Speaking to interest.co.nz, he says New Zealand shouldn’t be “lulled into complacency by the fact there is reinsurance capacity”.
“If either the reinsurance market cycle were to turn - which could happen in a number of circumstances outside of the New Zealand environment - or if there were to be another large event without there having been any real rectification of the structural issues that are causing challenges at the moment, then that could put New Zealand, from a reinsurance capacity perspective, in quite a difficult position.”
NZ economy ‘rather vulnerable’
Why does this matter?
Mitchell explains New Zealand is very well insured against natural disasters compared to other developed countries.
While insurers recovered around 80% of economic losses after the 2010/11 Canterbury earthquakes, they only recovered around 25% of losses after the 2011 Tohoku quake in Japan.
With so much at stake, the way EQC is structured has a huge impact on the insurance industry.
For example, Mitchell points out EQC’s claims management structure has resulted in 400-500 new over-cap claims (claims worth more than EQC’s $100,000 cap) continuing to trickle from EQC to private insurers every quarter.
“Six years on from an event - that’s really quite unparalleled,” he says.
“The structural challenges that there are in terms of the formulation and execution of coverage under the EQC Act with the private sector coming in, just creates a significant degree of uncertainty as what the end game will look like.
“One thing that insurers and reinsurers are very wary of is uncertainty.
“That I think makes the New Zealand economy, which is very significantly reliant upon transferring this significant risk burden and diversifying it globally, rather vulnerable.”
Reinsurance costs more likely to go up than down
Expanding on what’s happening globally, Mitchell says: “With the current levels of extremely low interest rates, there’s a lot of capital looking for yield and some of that capital is finding its way to the reinsurance industry.”
Furthermore, the reinsurance market is being propped up by there being a relatively low level of losses suffered around the word.
In order for there to be a change in the cycle, Mitchell says these two factors will need to change.
Asked about how a pending interest rate rise by the US’s Federal Reserve may affect the reinsurance market, he says the question is whether capital will stay in the reinsurance market, or “ebb and flow” elsewhere, in a “more normal yield environment”.

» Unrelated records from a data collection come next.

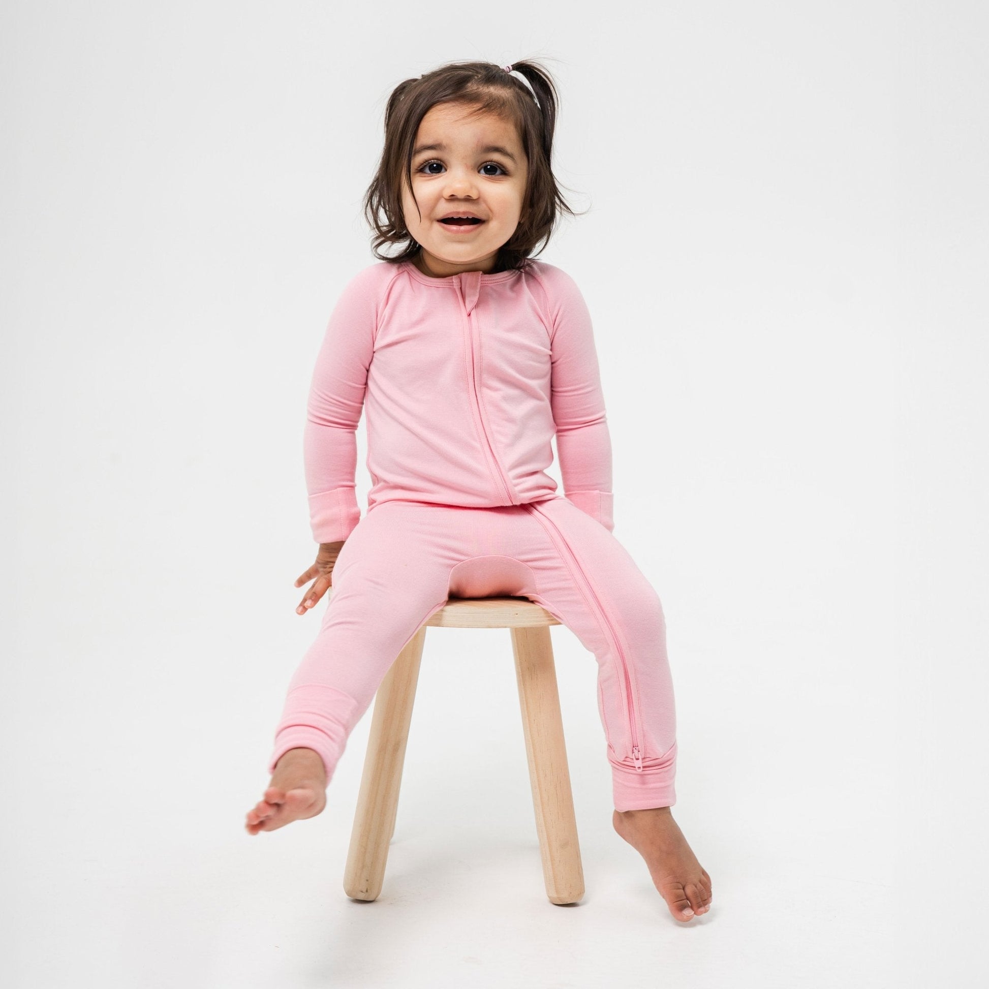 A two-way zipper means getting in and out of the pink onesie pajamas is quick and easy
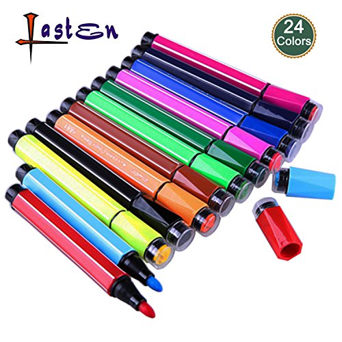 - VERSATILE--Premium color pen set has a selection of 24 bold, vibrant colors. Suitable for wall arts, shoes, handbags, table cloth, place mats, baby vests, etc. Being minimal bleed helps you do your DIY with more ease and less hassle.
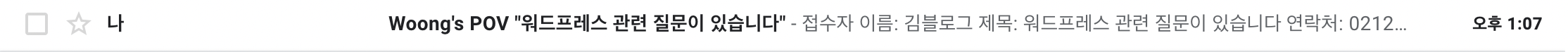 처음 발송했던 양식과는 다르게 태그를 맞게 변경해주니 모든 내용이 정확하게 들어가 있는 것을 확인할 수 있다. 이제 양식을 만들고 관리자 메일로 제출된 양식에 대한 정확한 내용을 받아볼 수 있는 준비가 되었다. Contact form 7을 활용해서 웹사이트 방문자로부터 필요한 다양한 정보를 받아볼 수 있다.
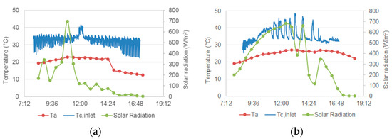 When Tc was higher than Tsp, and Tsp was higher than Ta, solar collectors operated as heaters to deliver warm air from the collector plenum continuously into the barn (Figure 4b), until the Tc fell below the Tsp or Ta rose above Tsp. When in operation, solar collectors were able to raise the daytime daily average temperature of the incoming air up to 20 K (Figure 5).
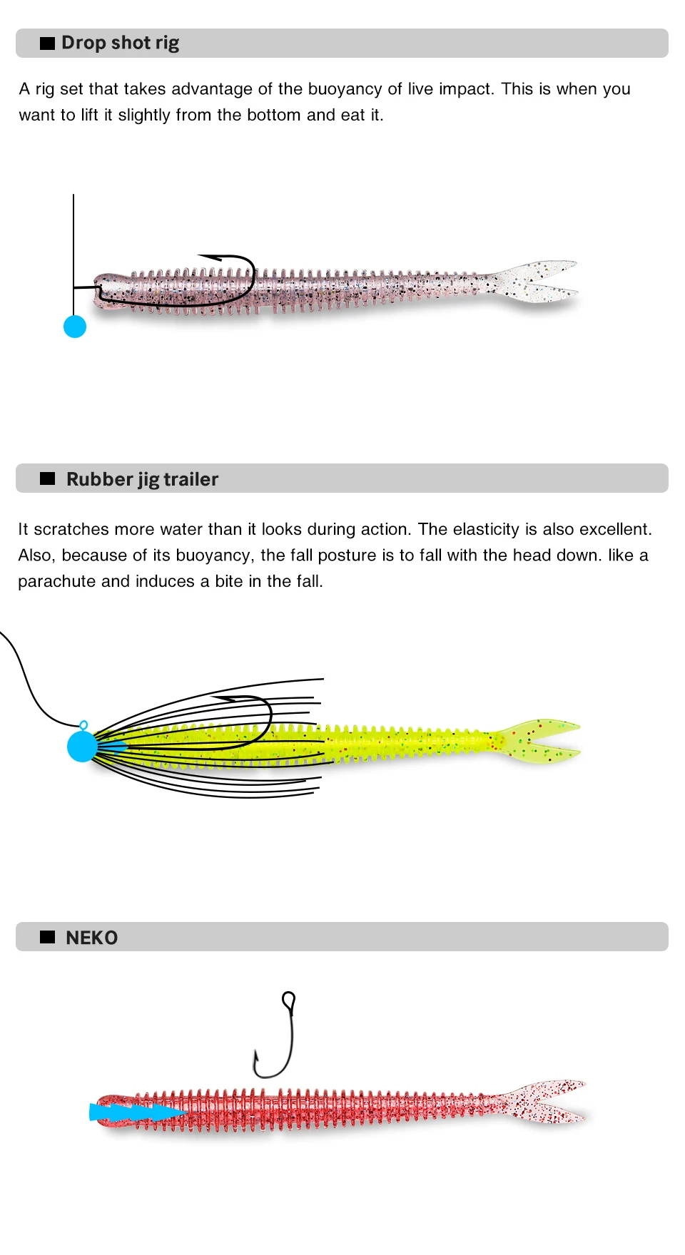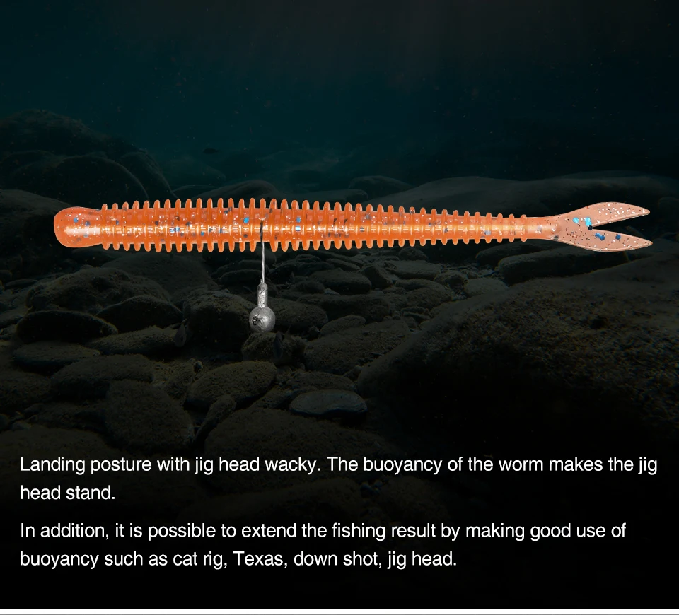 Postura de aterrizaje con cabeza de anzuelo loco. La flotabilidad del gusano hace que la cabeza de la plantilla esté en pie. Además, es posible extender el resultado de la pesca haciendo un buen uso de la flotabilidad como el aparejo para gatos, Texas, el tiro abajo, la cabeza de anzuelo.
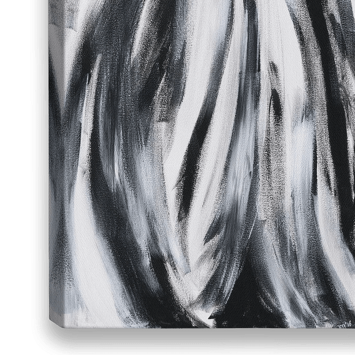 Ik heb het geschilderd met acrylverf in zwart-wit. Het is een kruising tussen abstract en realisme.
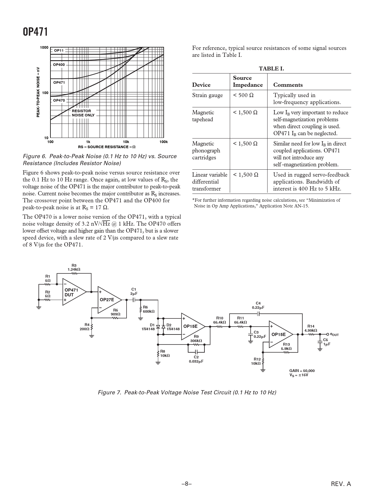 OP471. 1000. OP11. OP400. TABLE I. Source. Device. Impedance. Comments. 100. OP470. O-PEAK NOISE – nV. RESISTOR. PEAK-T. NOISE ONLY. 10k. 100k

“We’re certainly at a historically low level of market pricing in the cycle and the upside risk is certainly much greater than the downside risk from here on.”
NZ needs to align with global norms
Mitchell says the move by most New Zealand insurers to ditch their full replacement policies, in favour of sum insured, has gone some way to giving reinsurers the certainty they need and aligned New Zealand with what’s done around the world.
“I know it’s a change for the New Zealand consumers, but they [full replacement policies] were very unusual.”
As the EQC Act is reviewed, he says: “We do believe there needs to be a more normal approach to the challenge around land cover, which again is not normally insured in the private insurance market.
“If New Zealand as a society is going to provide coverage for land [through EQC], then that should be separated from the commercial or private insurance proposition as cleanly as possible.”
As a member of the Insurance Council of New Zealand, Mitchell is on board the industry body’s call for private insurers, rather the EQC, to manage claims in the first instance.
“We would see some urgency for there to be something changed,” he says.
“There should be a single point of claims handling, which is transparent to whatever stakeholders might potentially become involved in that claims settlement.”
According to Treasury, officials expect an EQC Bill to be introduced to Parliament next year, but no timeline’s been set in concrete.
A Treasury spokesperson says the review has “taken longer than expected due to the complexity of the issues and ongoing engagement with insurance industry stakeholders”.